Je me souviens être entré dans des appartements grands comme ma main, où deux ou trois familles vivaient serrées les unes sur les autres, leurs nombreux jeunes enfants vêtus d’un simple caleçon et pieds nus, qui se jetaient sur ces boîtes que nous leur apportions comme si elles étaient pleines de trésors.

Je me souviens aussi que les salons n’étaient plus des salons, mais de petites manufactures de couture : les femmes passaient de longues journées à coudre ces vêtements pour des entrepreneurs juifs de la rue Saint-Laurent et étaient évidemment mal payées au noir. Quand nous en parlions aux autorités municipales, c’était encore le vide auquel nous nous adressions.

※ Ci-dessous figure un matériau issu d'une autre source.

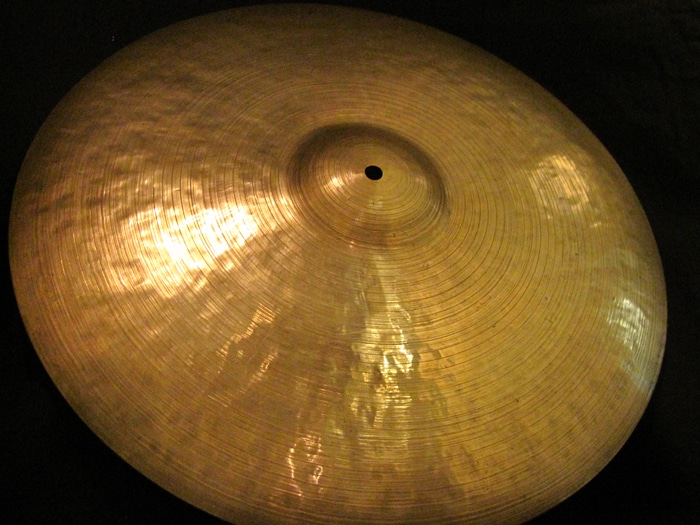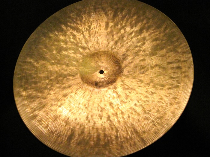 刻印がNew Stampであることから1967年以降の製造品と思われます。ウェイトは3,071gとミディアムヘヴィウエイト、スティック材質でサウンドの変化が楽しるブルーノートサウンド表現します。全体的なキャラクターは非常に深みがありクセは少なく扱いやすいオールドKでございます。22インチで3000gを越えると懸念しがちですが、さすがistanbul Kです。確かにピングは強く奏でますが、まとまりや感上品さは逸品でございます。ガッド的スタジオセッションサウンドが得られます。
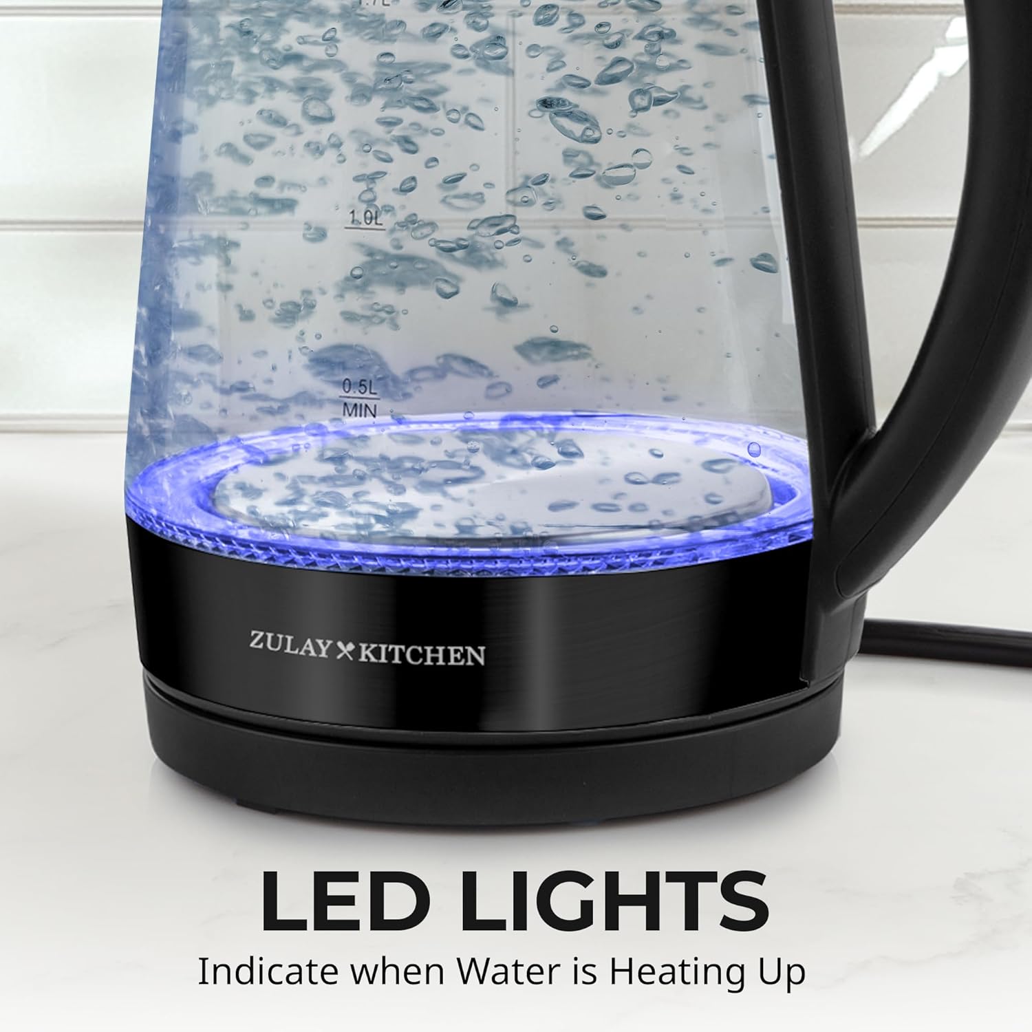 Zulay Kitchen Fast Boiling Electric Water Kettle - 1.7L, 1500W, Auto Shut-Off for Overboil & Boil Dry Protection, Cool-Touch Handle, 360° Base - Rapid Teapot Boiler For Coffee & Tea - Black Metallic

Des citoyens de deuxième classe, voilà comment on considérait les Haïtiens de Montréal-Nord. Il fallait bien qu’un jour ça explose et quand c’est arrivé, on a encore eu de la difficulté à se rendre compte pourquoi il ne pouvait pas en être autrement. Les pauvres ne le sont pas par choix : c’est qu’ils n’ont pas les mêmes droits que les autres qui s’enrichissent, souvent à leurs dépens.

Toute l’histoire moderne de Haïti en est la preuve catastrophique. Si des despotes comme Papa Doc et Bébé Doc ont pu voler leur peuple, si leurs successeurs ont toujours eu les mains liées, ce qui ne les a pas empêchés de s’en mettre personnellement plein les poches, ne cherchons pas de midi à quatorze heures : des organismes comme la Banque mondiale, des empires comme ceux des États-Unis et de la France, en obligeant Haïti à entrer dans le grand concert des nations néolibérales, ont détissé tout le tissu social d’un peuple, l’obligeant à accepter des réformes pour lesquelles il n’était pas prêt, et qui l’ont forcé à quitter petits villages et campagnes dans l’espoir de trouver ce travail qu’on prétendait lui offrir à Port-au-Prince.

Un résultat parmi tant d’autres de cette politique désastreuse : les Haïtiens qui étaient autosuffisants à 80 % pour leur nourriture se mirent à dépendre des marchés internationaux dans la proportion inverse !

Que la bureaucratie canadienne joue aujourd’hui à l’autruche et que le gouvernement du Québec ne devienne pas le leader qu’il devrait être, quoi de plus normal ?

Ce ne sont pas des vies qu’on veut sauver, mais l’argent qu’on pourra encore faire sur le dos des Haïtiens, ces milliards et ces milliards de dollars qui viendront avec la reconstruction de Port-au-Prince et de ses alentours.

Pourtant, l’urgence est ailleurs. On prévoit pour Haïti d’autres secousses sismiques de grande envergure d’ici quelques mois. Les spécialistes nous en avertissent déjà. Mais il y a peu de chance qu’on les écoute, comme on n’a pas écouté ceux qui, il y a déjà quelques années, prédisaient une catastrophe.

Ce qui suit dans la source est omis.